Since logical fallacies are a subset of the topic of logic and that is a subset of philosophical inquiry, I was simply speaking more broadly than the OP. And my point to you, was that what fits the scientific method is a question of science, not of philosophy -- though it may use logic to make that determination.

If I offended, my apologies.
Yes. I bought a book on philosophy as a teen and my mediocre mind gave up in despair. But I did get one thing - semantics is a basic tool or subset of philosophy. Until you know what you are discussing in terms of agreeing the meanings, you are like trying to fight Trafalgar with gunners who brought grapes instead of "grape".

It wasn't until I knew I was an atheist and started taking Cliff Walker's (1) course in apologetics that I came across informal logical fallacies (or false arguments commonly used in discussion) and how you need to be able to spot them as they are pretty much the basic weaponry in the religious apologetics arsenal. That is why we tiny minory atheists do so well, because the facts are actually generally on our side and the religious side can only make a case with deception. We all know the basic ones - starting with God as a given, if we don't have an answer 'God' must be the answer, investing faith in one unlikely or undisprovable possibility rather than putting provisional reliance on the more probable conclusion. And the discussion became so very tactical, because we have all the guns and ammo and the Other side has to use position to nullify it.

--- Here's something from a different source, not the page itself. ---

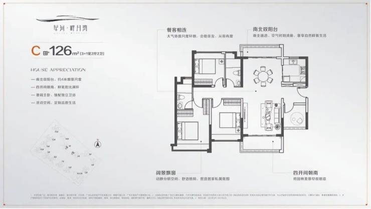相比之下,建面约126平方米的3+1房户型则更加宽敞明亮,适合大家庭或追求高品质生活的群体。该户型采用了独立入户系统,增强了居住的安全性和隐私性。四个开间朝南的设计,确保了充足的采光和通风效果,无论是在寒冷的冬季还是炎热的夏季,都能保持室内温度适宜。南北双阳台的设置,不仅扩大了室内外的交流空间,还能根据个人喜好灵活布置,如北阳台作为晾晒区,南阳台则可打造成休闲花园。主卧带有步入式衣帽间和独立卫生间,提升了主人的生活品质。

'Why are you arguing about it if you don't believe it?', 'Many scholars all believe this - you think you are smarter than they are?' 'You can't be 100% sure- you can't explain everything - science has been wrong before'. These are all tactical arguments to stop us using the arguments we have. It's pretty vital that we be be honest and logically sound in our arguments as they will jump on any slip and indeed will claim we slipped when we didn't ...'I suppose you think that we...' 'The hate comes through in your posts...'. But if you can detect such a feint, it is possible to turn a rhetorical flank.

Oh yes, and "word-salad" aimed at a post that goes right over their head. Clearly this is in the world of rhetoric rather than logical thinking, but then Rhetoric was once considered a branch of philosophy. Thankfully it now isn't and is properly placed in the world of Common -sense' thinking, Legal tricks and political bamboozlement. Oh, and religious and cult -think, of course.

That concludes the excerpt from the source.